- What are the different types of Corporations?
- What is a “C” Corporation?
- What is a Professional Corporation?
- What is an “S” Corporation?
- How is a Corporation formed?
- What do you name a corporation?
- How long does it take to form a corporation?
- Does a corporation need a registered agent?
- Does a corporation need a tax number?
- How is a corporation taxed?
- Can one person form a corporation?
- Are there directors or shareholders in a corporation?
- Who manages the corporation?
- Is there a difference between a filing for a profit corporation and a non-profit corporation?
- What are some of the advantages of incorporating?
- What are some of the disadvantages of incorporating?
- Is an accountant or attorney needed to incorporate?
What are the different types of corporations?

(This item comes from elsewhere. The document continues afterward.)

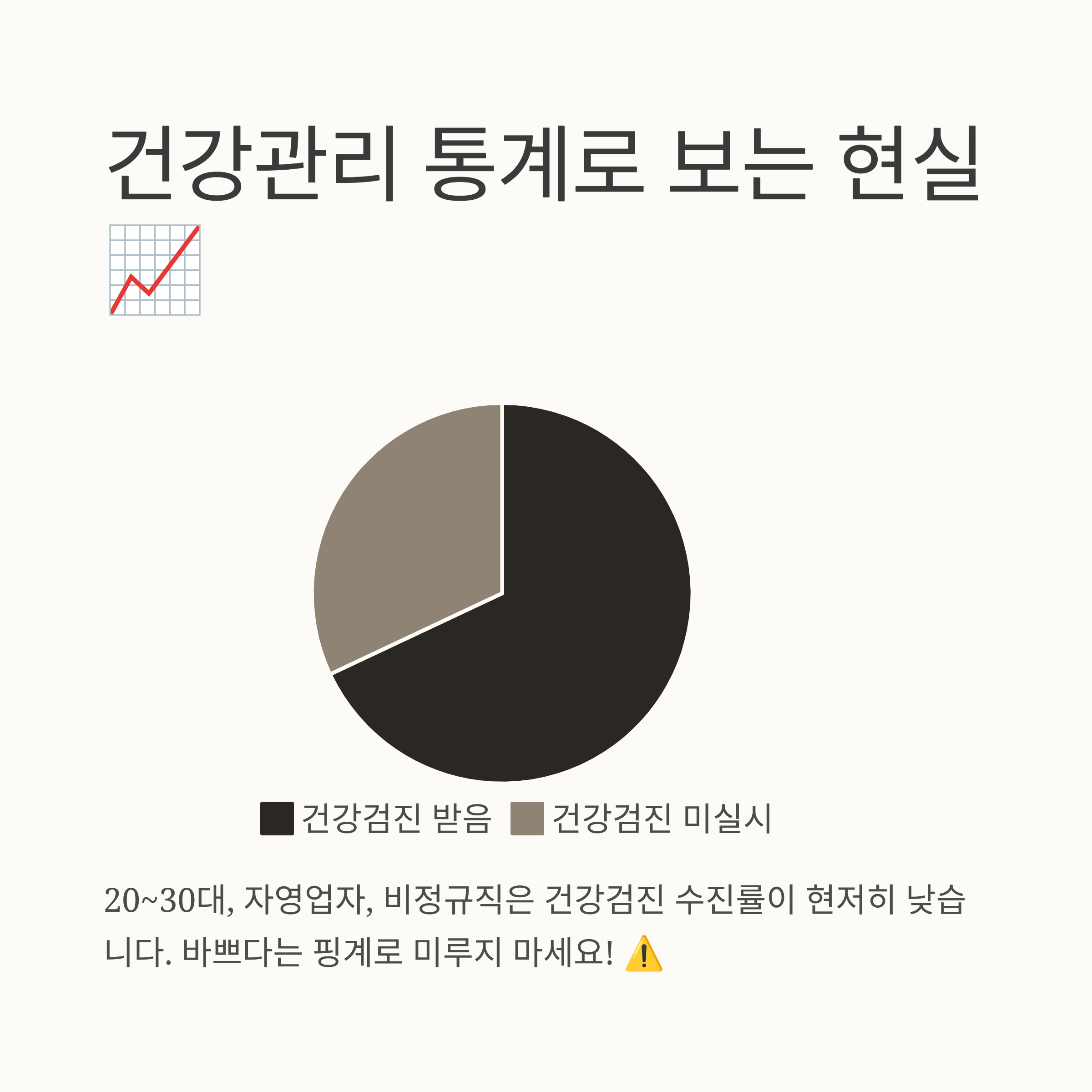 혹시 20~30대이거나, 자영업자, 비정규직이신가요? 바쁘다는 핑계로 건강검진을 미루고 있다면, 지금 바로 예약하세요! 당신의 건강은 당신이 생각하는 것보다 훨씬 소중하답니다.

In general terms, all corporations are separate legal entities. To form a corporation, Articles of Incorporation need to be filed with the state one wishes to incorporate within. Each individual state has its own particular requirements, fees, taxes and responsibilities. In addition, each state has different types of corporate structures depending on the type of product or services rendered. You can select to become a “C” corporation, a Professional corporation, a Non-Profit corporation or an “S” Corporation. All Corporations, regardless of the type, are separate entities.
What is a “C” Corporation?
Essentially a “C” corporation is a separate legal entity that is formed as a for-profit corporation. There are a certain number of shares of stock issued at incorporation and directors and officers are designated. The corporation, being a separate entity, pays applicable to taxes to both the state and federal government.
What is a Professional Corporation?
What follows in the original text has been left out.